Strong Cast Powers ‘Don Giovanni’
Great singers and deftly added modern touches stand out in Florentine production.
One of Mozart’s most famous operas, Don Giovanni, has not endured in popularity because its plot unfolds in a simple straight line (it doesn’t), nor because it faithfully adheres to one operatic style (it doesn’t) nor because you can walk in humming the melodic lines (anything is possible with Mozart but still it doesn’t).
It’s because this 18th century genius composed freely and ferociously across styles, almost daring every orchestra and singer to stay with him. There may be pointed meaning in the libretto by Lorenzo Da Ponte, but mainly the opera is loaded with showy arias, rapid-fire recitatives and “sing to the front” ensembles to mark each major development or close each act.

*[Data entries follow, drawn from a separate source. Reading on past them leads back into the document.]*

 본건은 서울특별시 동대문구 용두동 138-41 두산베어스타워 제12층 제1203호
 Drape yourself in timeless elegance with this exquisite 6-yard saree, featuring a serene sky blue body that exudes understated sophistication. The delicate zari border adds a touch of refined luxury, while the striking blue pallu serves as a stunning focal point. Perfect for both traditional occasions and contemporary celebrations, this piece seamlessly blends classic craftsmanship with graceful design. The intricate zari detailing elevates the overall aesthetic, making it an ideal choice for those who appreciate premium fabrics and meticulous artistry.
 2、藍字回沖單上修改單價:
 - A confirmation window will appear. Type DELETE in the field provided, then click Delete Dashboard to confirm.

The voices have to be gaudy in the good sense, dramatic, quick and soulful, and that’s where the Florentine Opera Company March 17 and 19 at Uihlein Hall correctly focused on a lead cast mainly new to Milwaukee while resurrecting scenic and staging elements from its original 2006 production – including Kris Stones’ set, which is clearly built to travel, as it already has to other opera houses.

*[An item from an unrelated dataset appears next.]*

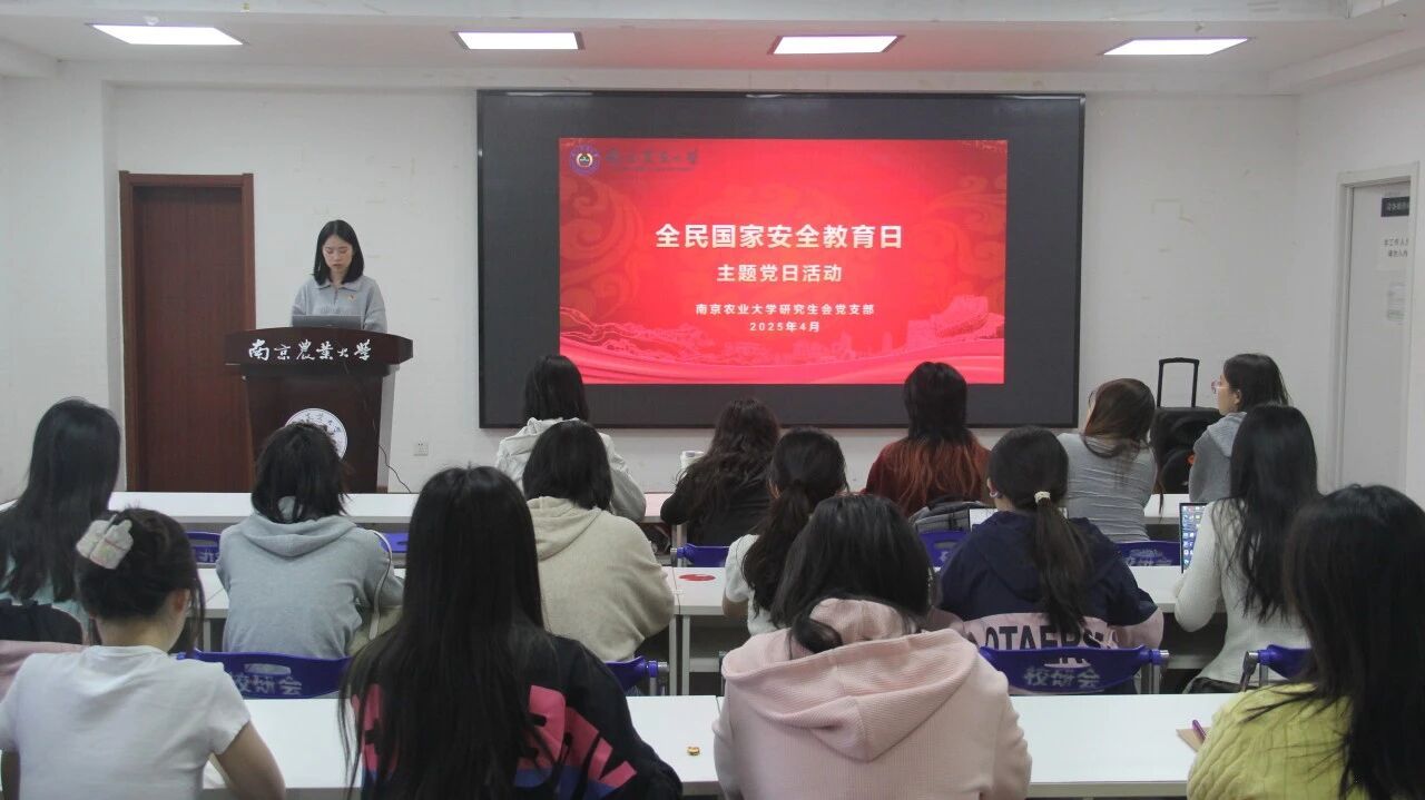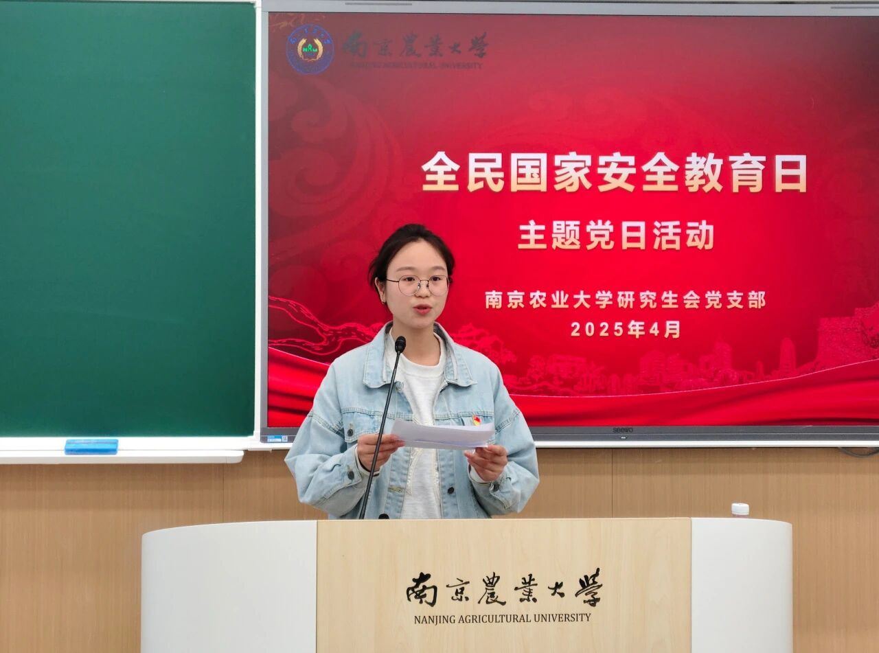 2025年4月15日是第十个全民国家安全教育日。为深入贯彻落实习近平总书记关于全面加强国家安全教育的重要指示精神,切实增强师生的国家安全意识,4月15日,南京农业大学研究生会党支部在卫岗校区研究生报告厅和滨江校区公共教学楼B113举办了国家安全教育日主题党日活动。研究生会党支部全体成员参与此次活动。

The title protagonist (hardly a hero) was embodied in physique, serpentine poses and baritone power by Alexander Dobson. He flashes his sword and prowls for women like Douglas Fairbanks reborn into lechery. He must be simultaneously loathsome and attractive — a serial seducer working his way across Europe. Dobson not only has to sing amazingly crisp and strut with arrogance among his victims, he also has to relish the cynical laughter of the world’s most incorrigible cock of the walk. The Devil, in the form of the statue of a man he killed, may have other plans.
If Mozart had stuck with Leporello as the “common man” just being our humorous eyes and ears, this might stick the piece hard in a traditional comic opera vein of the period. But the dual purpose of the characters and music go further. Don Giovanni is not only hypnotic to women and evil to all (in a society the furthest imaginable from modern feminism, full of women swooning away over a known lecher). He is far more, as the production cleverly pointed out in a surprisingly modern coda (inviting us to visualize our own concept of the slimiest contemporary Wall Street wolf or politician). He is a self-centered non-stoppable me-firster for all times. (Similarly, the English supertitles atop the proscenium had some fun with the Italian libretto.)
He also stands in contrast to the concerns for women – or in his view, submission to women – of the men he encounters, dupes or kills, such as Donna Anna’s father. Here David Leigh has little opportunity for acting but provided some impressive bass notes that would frighten an ordinary man. But not this Don, to his peril.
The lovesick anguish of Don Ottavio precisely fit the lyric tenor of Brian Stucki, whose several arias require a gentle touch and carrying power. Conductor Joseph Rescigno, leading much of the Milwaukee Symphony as well as the Florentine Opera Chorus, was astutely sensitive to the appropriate orchestral levels, but these voices would soar even if he showed less restraint, and the orchestra almost faded too far into the background.
There are three notable soprano voices leading the Mozartean parade. Emily Birsan’s second act essay of lament and love as Donna Anna was elegant in tonal care and sudden strength – conquering one of the opera world’s most famous arias.
Emily Fons as the fickle Donna Elvira, a role that requires comic ferocity with dramatic overtones in the early going, unleashed a beautiful second act aria of a woman overcome with love and self-disgust. It was wise for this moment to soften her earlier rigid coiffure with flowing hair and dressing gown as our sympathies shifted to her side in the battle of the sexes.
These new voices to the Florentine were joined by a familiar face and strong voice, Ariana Douglas, who added the flirtatious soubrette Zerlina to her Florentine repertoire. Her natural air overcame the traditional opera mime and long freezes (by characters forced to listen to others’ arias), still part of John Hoomes’ direction. Her stage partner, baritone Leroy Davis as Masetto, sang strongly but remained uncomfortable with their courtship choreography.
Such traditions have deep roots on a cavernous opera stage. It’s like helping us watch a tennis match and accept conventions of invisibility as the characters pretend to hide from each other. Such shifts in attention are designed to fill the long perspectives and isolated pools of the stage, convincing us through some well-positioned flying sets and bursts of costumes that we are cavorting in the Spanish countryside. All this sometimes clashes with Stones’ surrealistic scenic touches and Hoomes’ own preference for symbolism, such as the hooded background figures or writhing corpses foreboding death.
There are miscalculations, though — surprises supplied by the strength of a cast who shouldn’t have just been dropped into the existing staging. Dobson was powerful enough to carry his own sense of mischief and doom with him. Birsan sang and acted her aria of lament so engagingly that we simply didn’t need the dancer imposed alongside her on the scrim.
The Florentine chorus was well used as purposeful bit players but had perhaps too many to fit comfortably into the circumstances. So it was the leading voices and the casual power they displayed that riveted the patrons – making Mozart seem almost too easy.